Obtain the source code for this activity

Check out the source code

$ git clone https://github.com/LoyolaChicagoBooks/introds-scala-examples

or download and unzip

$ wget https://github.com/LoyolaChicagoBooks/introds-scala-examples/archive/refs/heads/main.zip
$ unzip main.zip

Then navigate to the montecarlo-scala directory for the Monte Carlo simulation code, and the 311-case-study-scala directory for the 311 case study code.

Monte Carlo challenge

  • Verify that you can run the Monte Carlo simulation code for estimating the area of a circle, and understand how it works. (Refer to the README file in the montecarlo-scala directory for instructions on how to run the code.)
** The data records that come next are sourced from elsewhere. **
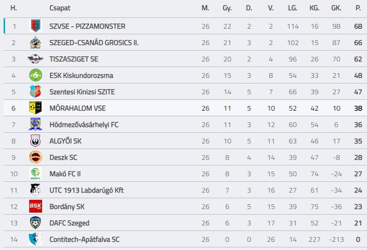 Paksi Péter: – Köszönöm a csapat egész éves teljesítményét, valamint Kelemen Balázs és Gyárfás Sándor áldozatos munkáját! Nagy bravúrnak tartom, hogy végig mögöttünk tartottuk a Szeged-Grosics II.-t, akik profi játékosokkal megerősített csapattal játszották végig a bajnokságot. Nehezen törtük fel a Mórahalom védekezését, de az első félidő végén lőtt gólunk megnyugtatta a csapatot, a szünet után felszabadultan játszhattunk.
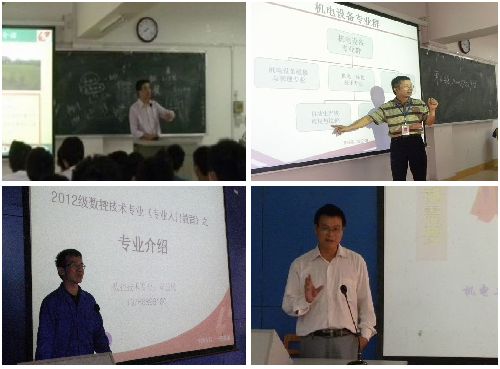 为使新生们更了解并热爱自己的专业,培养学生的职业意识和专业兴趣,养成严谨浓厚的学风,机电工程系在新生入学后不久便开展了新生专业入门教育的第一堂课——专业介绍会。专业介绍会在2012年9月17日上午8:00-11:40按专业分12场进行,主讲教师由机电工程系多位经验丰富的专业带头人担任。
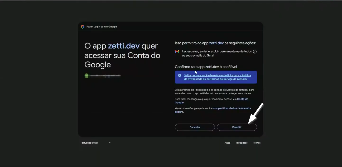 Para e-mails hospedados nos provedores Google e Microsoft , ao realizar a validação, o sistema abrirá uma nova guia do navegador com a tela de login do respectivo provedor. Após efetuar o login normalmente, será exibida uma tela informando que a aplicação app zetti.dev solicita permissão para acessar a conta de e-mail. Para concluir o processo de autenticação e permitir a comunicação com o sistema, clique em >> Permitir.
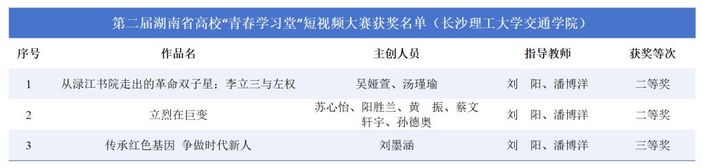 近日,第二届湖南省高校“青春学习堂”短视频大赛评选结果揭晓。开云官网交通学院师生凭借出色的创意与扎实的思政素养,共荣获学生组二等奖2项、三等奖1项,展现了学院在思政教育与新媒体融合实践中的实践成果。

  • Determine how many darts (as a power of 10) you need to throw to get a good estimate of the area of the circle, defined as accurate when rounded to the first two decimal places, e.g.,

    • 3.12017 rounded to 3.12 (FAIL)

    • 3.14159 rounded to 3.14 (PASS)

    • 3.14859 rounded to 3.15 (FAIL)

  • Study the source code and understand how the data is generated and analyzed. In particular, understand what role the Smile library plays in each stage of the process.

311 case study challenge

  • Find out which options the FilterGraffitiData.scala program accepts by running it with the --help option, e.g.,

    scala-cli FilterGraffitiData.scala -- --help
    
  • Filter the data based on various criteria, such as status, e.g.,

    scala-cli FilterGraffitiData.scala -- -i dataset/311_graffiti.csv -s 'Open'
    

    This might show only a few matches, so try again with other status values (look at the dataset to see what other status values are available) and a higher number of records to show, e.g.,

    scala-cli FilterGraffitiData.scala -- -l 1000 -i dataset/311_graffiti.csv -s 'Open'
    
  • Attempt to reproduce the visualization by running the VisualizeGraffitiData.scala program, e.g.,

    scala-cli VisualizeGraffitiData.scala -- -i dataset/311_graffiti.csv
    
  • Study the source code and understand how the data is generated and analyzed. In particular, understand what role the Smile library plays in each stage of the process.